Parliament of India
- Long title An Act to consolidate and amend the law relating to the treatment and care of mentally ill persons, to make better provision with respect to their property and affairs and for matters connected therewith of incidental thereto. ;
- Citation: Act No. 14 of 1987
- Territorial extent: India
- Enacted by: Parliament of India
- Assented to: 22 May 1987

Repeals
- Indian Lunacy Act 1912 (4 of 1912) Lunacy Act 1977 (Jammu and Kashmir Act 25 of 1977 (1920 AD))

Repealed by
- Mental Healthcare Act, 2017

= Mental Health Act, 1987 =

1987 Act of the Parliament of India

In India, the Mental Health Act, 1987 was passed on 22 May 1987. The law was described in its opening paragraph as "An Act to consolidate and amend the law relating to the treatment and care of mentally ill persons, to make better provision with respect to their property and affairs and for matters connected therewith or incidental thereto."

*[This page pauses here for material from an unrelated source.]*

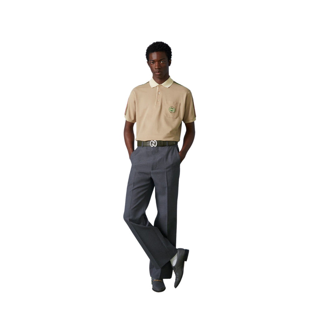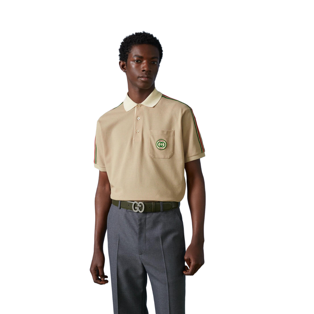 À la fois sportive et rétro, l'interprétation des vêtements de sport de Gucci transparaît dans son logo Interlocking G de la nouvelle collection. Le motif subtil, avec juste une touche d'inspiration nostalgique, orne ce polo polyvalent, qui est encore défini par une bordure Web contrastée.

The Act superseded the previously existing national law governing the mental health issues, the Indian Lunacy Act of 1912.

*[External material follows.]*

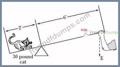 What effort must be used to lift a 30-pound cat (see the figure above) using a first-class lever? (Don't include the weight of the lever in your calculations.)

The Mental Health Care Act was passed on 7 April 2017, superseding this 1987 Act and was described in its opening paragraph as "An Act to provide for mental healthcare and services for persons with mental illness and to protect, promote and fulfil the rights of such persons during delivery of mental healthcare and services and for matters connected therewith or incidental thereto."